* **EXERCISE**: Pictures stay out of the copy. Everything else in the records must be repeated exactly.

* **EXERCISE INPUT**:
######

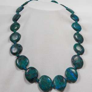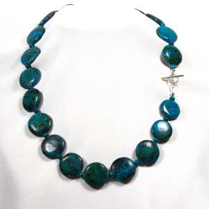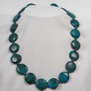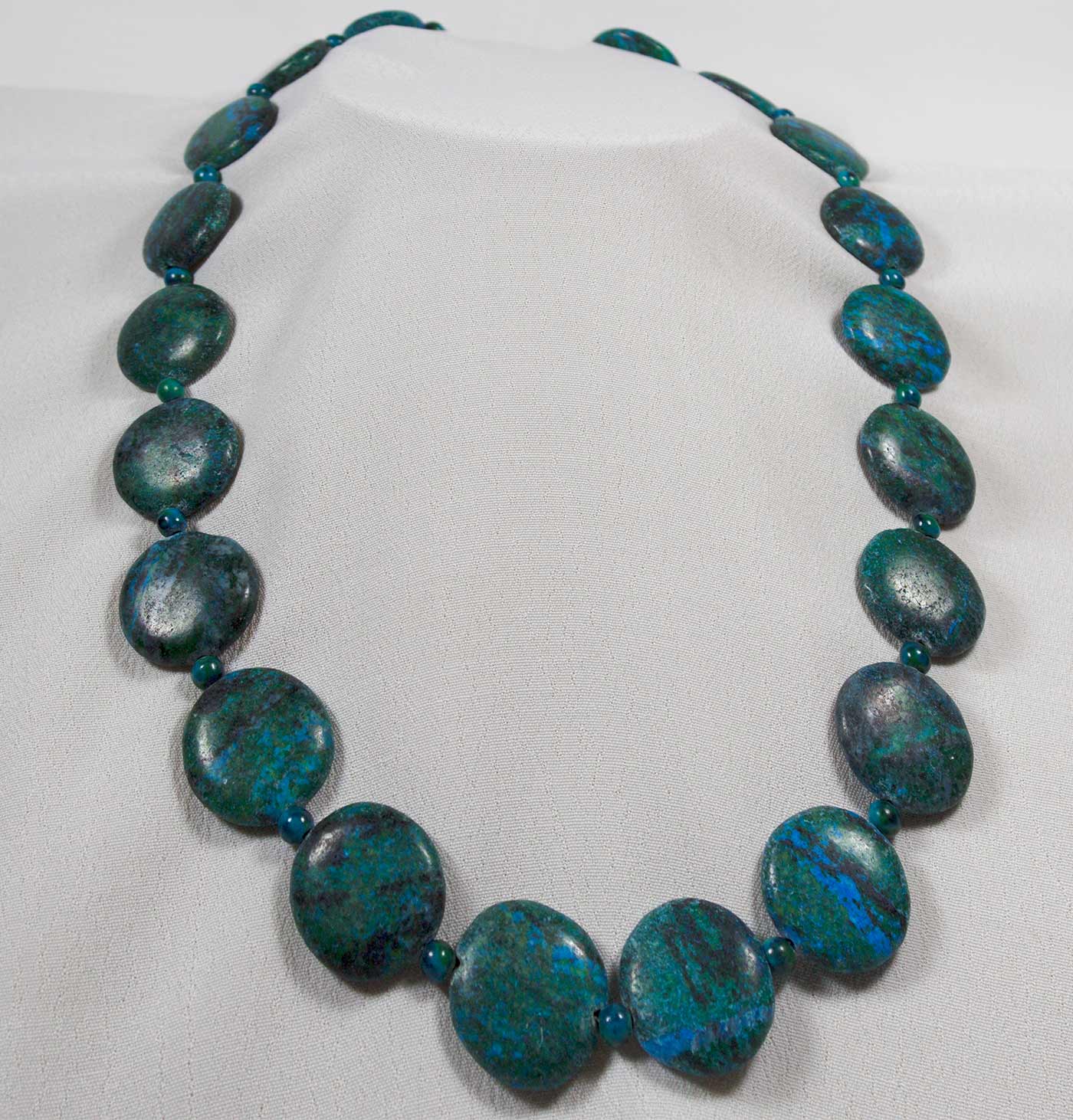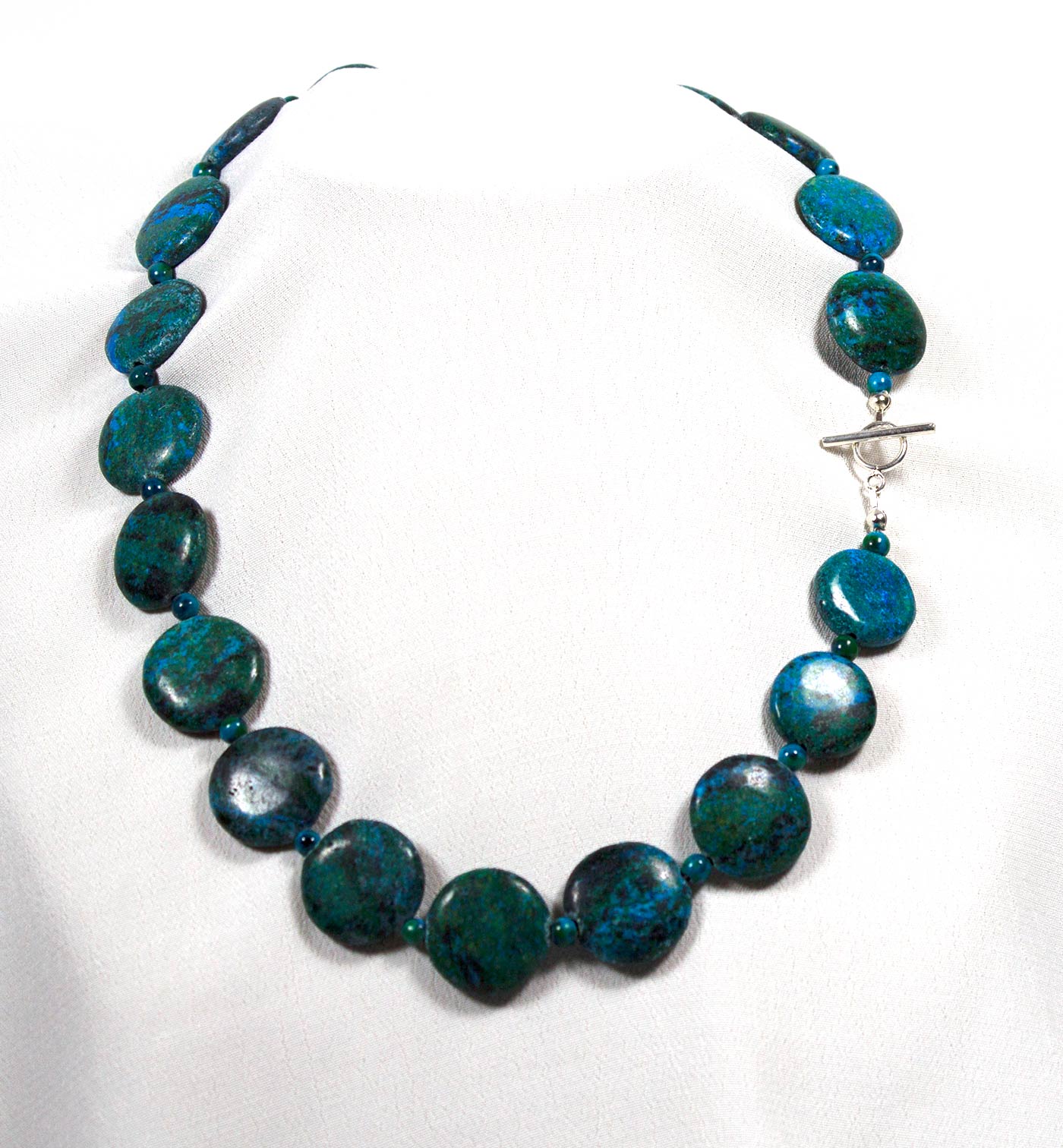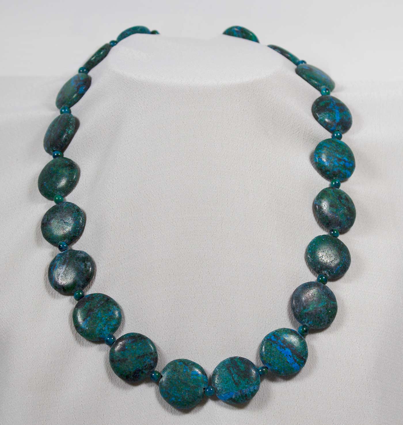 Collar de crisocola y cierre de plata de ley 925. Es de cuentas redondas de 2 cm de diámetro separadas por pequeñas cuentas redondas. La crisocola es de colores azules, verdes, amarillos y marrones. El cierre es de palanca en plata de ley 925. El largo del collar es de 48 cm y su peso de 76 gr. La crisocola se caracteriza por su vistosidad. Puede presentar tonalidades azules y verdes, debido a su alto contenido de cobre. Hay ocasiones en las que se encuentra cubierta por una fina capa de cuarzo e incluso entrelazada con éste. Espiritualmente ayuda a enfriar las emociones ardientes y excitantes tan pronto como toca la piel. Alivia el estrés relacionado con el trabajo; la piedra Crisocola nos recuerda que debemos salir de la vida cotidiana y tomarnos un tiempo para flotar por el río turquesa del espíritu interior. Se conecta con el agua, y ayuda fuertemente a la rutina diaria de bienestar. Collar elaborado de forma artesanal.
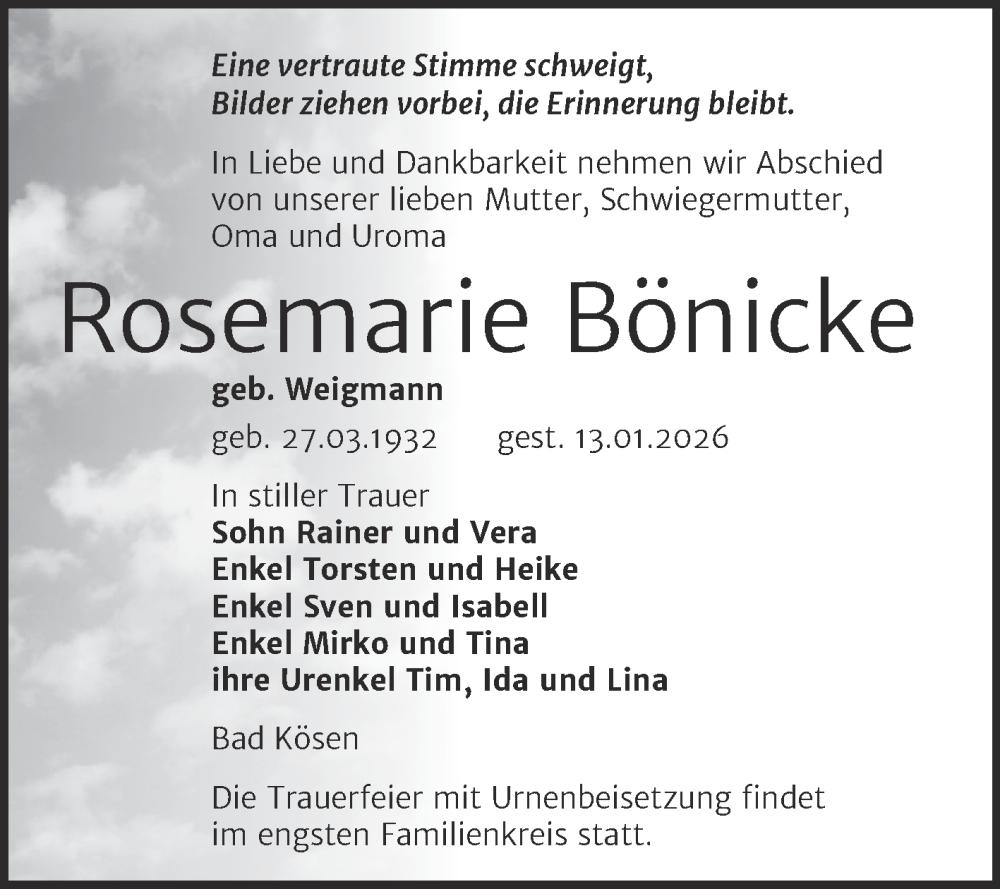 Hier finden Sie alle Traueranzeigen aus der Zeitung, die bisher für Rosemarie Bönicke erschienen sind. Weitere Traueranzeigen, die in der Zeitung erscheinen, werden hier ebenfalls aufgelistet
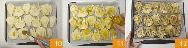 Lassen Sie den Fenchel abtropfen, tupfen Sie ihn mit einem sauberen Küchentuch trocken und legen Sie ihn ordentlich auf das Backblech. Bestreichen Sie den Fenchel mit der restlichen Emulsion 10, dann würzen Sie ihn mit 2 Esslöffeln Öl 11. Backen Sie im vorgeheizten Umluftofen bei 200° für 25 Minuten. Schalten Sie dann den Grill ein und backen Sie noch 5 Minuten weiter. Ihr Fenchel aus dem Ofen ist servierfertig 12!
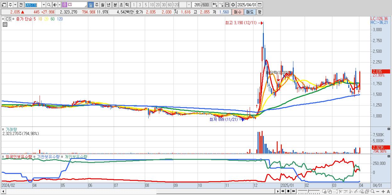 - CS (2,035원 ▲ 27.99% , 시총: 395억, 거래량: 2,323,270, 거래대금:45억)
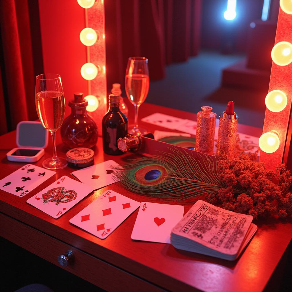 Крупный план стола гримерки с неоновой подсветкой зеркала в лампочках (как в Мулен Руж). На столе — не обычная косметика, а рассыпанные игральные карты (черви и бубны), яркое перо павлина, пудреница в виде старого циркового билета и бокал шампанского. В отражении зеркала вместо лица человека — мелькает силуэт акробата на трапеции., · Цвета: Неоново-розовый, электрик, серебро.
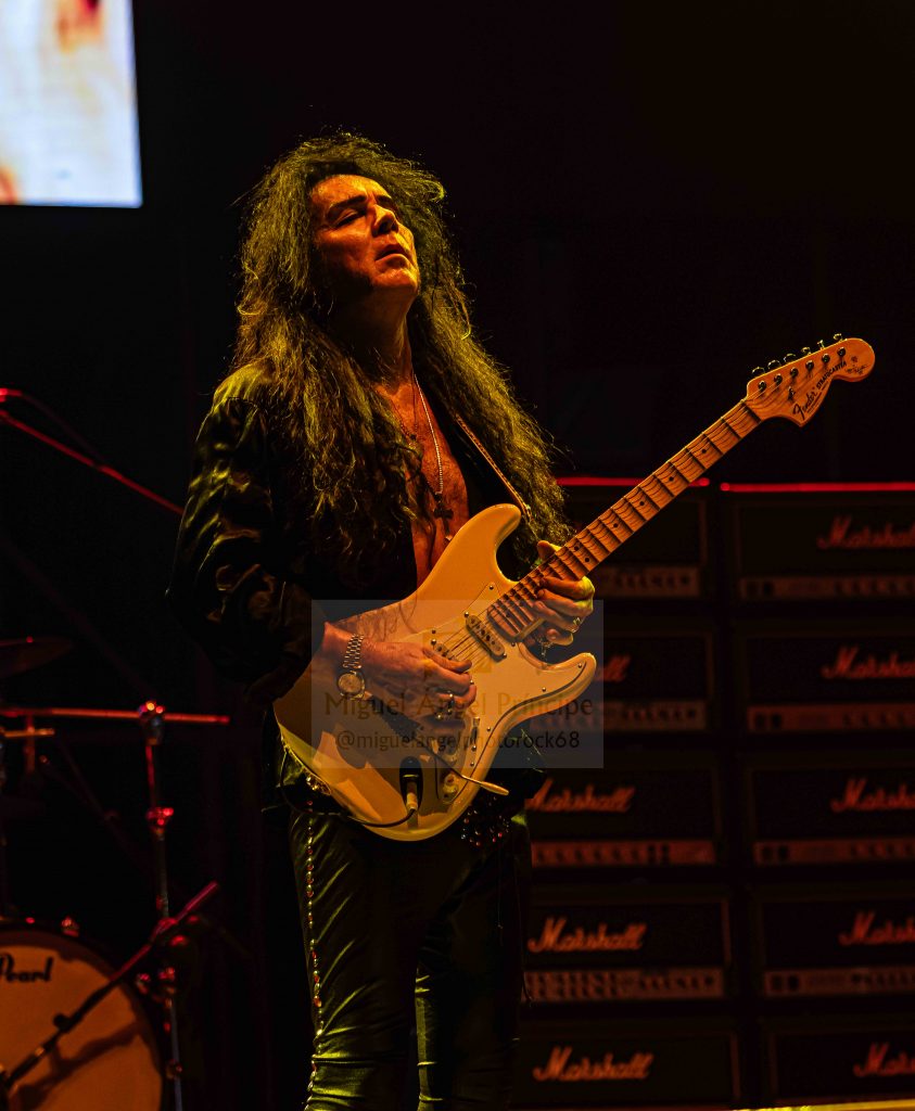 YNGWIE MALMSTEEN el talentoso, un guitarrista de incalculable valor y valía musical que despierta al mismo nivel tanto filias como fobias entre los metaleros aunque lo que no creemos sea discutible, es su calidad a las seis cuerdas aderezada por su imponente figura y en este caso por un muy acertado juego de luces y humo para entretejer su silueta a veces sinuosa entre sombras, una magistral puesta en escena para arrancar el directo con «Rising Force» interpretada vocalmente por el teclista.
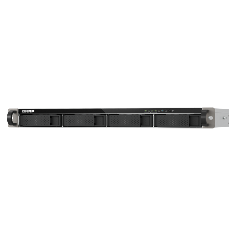 QNAP TS-433eU. Type: NAS. Type de châssis: Rack (1 U). Classe de dispositif: PME. Famille de processeur: Cortex-A, Modèle de processeur: Cortex-A55, Fréquence du processeur: 2 GHz. Mémoire interne: 4 Go. Capacité totale du stockage installé: 0 To. Système d'exploitation installé: QNAP Turbo System
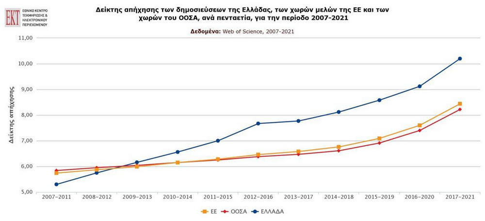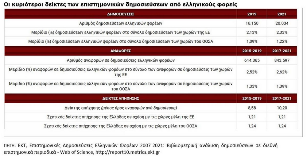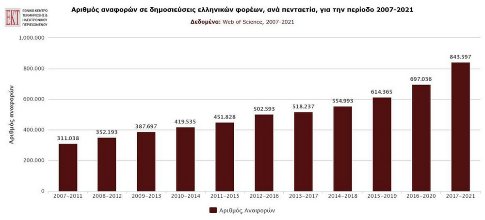 Εικόνα 4: Στοιχεία ποιότητας και πλήθους του παραγόμενου ερευνητικού έργου από ελληνικούς φορείς, κατά πλειοψηφία από ΑΕΙ και δημόσιους ερευνητικούς οργανισμούς.
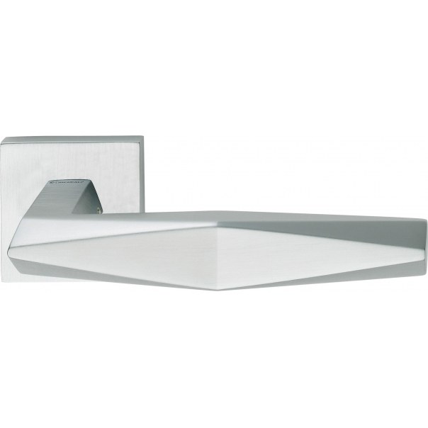 Klamka do drzwi Prisma jest wykonana z mosiądzu i posiada kwadratowy szyld o wymiarach 50x50 mm. Występuje w wykończeniu chromowanym matowym.

######

* **ANSWER FOR THIS EXERCISE**:
 Collar de crisocola y cierre de plata de ley 925. Es de cuentas redondas de 2 cm de diámetro separadas por pequeñas cuentas redondas. La crisocola es de colores azules, verdes, amarillos y marrones. El cierre es de palanca en plata de ley 925. El largo del collar es de 48 cm y su peso de 76 gr. La crisocola se caracteriza por su vistosidad. Puede presentar tonalidades azules y verdes, debido a su alto contenido de cobre. Hay ocasiones en las que se encuentra cubierta por una fina capa de cuarzo e incluso entrelazada con éste. Espiritualmente ayuda a enfriar las emociones ardientes y excitantes tan pronto como toca la piel. Alivia el estrés relacionado con el trabajo; la piedra Crisocola nos recuerda que debemos salir de la vida cotidiana y tomarnos un tiempo para flotar por el río turquesa del espíritu interior. Se conecta con el agua, y ayuda fuertemente a la rutina diaria de bienestar. Collar elaborado de forma artesanal.
 Hier finden Sie alle Traueranzeigen aus der Zeitung, die bisher für Rosemarie Bönicke erschienen sind. Weitere Traueranzeigen, die in der Zeitung erscheinen, werden hier ebenfalls aufgelistet
 Lassen Sie den Fenchel abtropfen, tupfen Sie ihn mit einem sauberen Küchentuch trocken und legen Sie ihn ordentlich auf das Backblech. Bestreichen Sie den Fenchel mit der restlichen Emulsion 10, dann würzen Sie ihn mit 2 Esslöffeln Öl 11. Backen Sie im vorgeheizten Umluftofen bei 200° für 25 Minuten. Schalten Sie dann den Grill ein und backen Sie noch 5 Minuten weiter. Ihr Fenchel aus dem Ofen ist servierfertig 12!
 - CS (2,035원 ▲ 27.99% , 시총: 395억, 거래량: 2,323,270, 거래대금:45억)
 Крупный план стола гримерки с неоновой подсветкой зеркала в лампочках (как в Мулен Руж). На столе — не обычная косметика, а рассыпанные игральные карты (черви и бубны), яркое перо павлина, пудреница в виде старого циркового билета и бокал шампанского. В отражении зеркала вместо лица человека — мелькает силуэт акробата на трапеции., · Цвета: Неоново-розовый, электрик, серебро.
 YNGWIE MALMSTEEN el talentoso, un guitarrista de incalculable valor y valía musical que despierta al mismo nivel tanto filias como fobias entre los metaleros aunque lo que no creemos sea discutible, es su calidad a las seis cuerdas aderezada por su imponente figura y en este caso por un muy acertado juego de luces y humo para entretejer su silueta a veces sinuosa entre sombras, una magistral puesta en escena para arrancar el directo con «Rising Force» interpretada vocalmente por el teclista.
 QNAP TS-433eU. Type: NAS. Type de châssis: Rack (1 U). Classe de dispositif: PME. Famille de processeur: Cortex-A, Modèle de processeur: Cortex-A55, Fréquence du processeur: 2 GHz. Mémoire interne: 4 Go. Capacité totale du stockage installé: 0 To. Système d'exploitation installé: QNAP Turbo System
 Εικόνα 4: Στοιχεία ποιότητας και πλήθους του παραγόμενου ερευνητικού έργου από ελληνικούς φορείς, κατά πλειοψηφία από ΑΕΙ και δημόσιους ερευνητικούς οργανισμούς.
 Klamka do drzwi Prisma jest wykonana z mosiądzu i posiada kwadratowy szyld o wymiarach 50x50 mm. Występuje w wykończeniu chromowanym matowym.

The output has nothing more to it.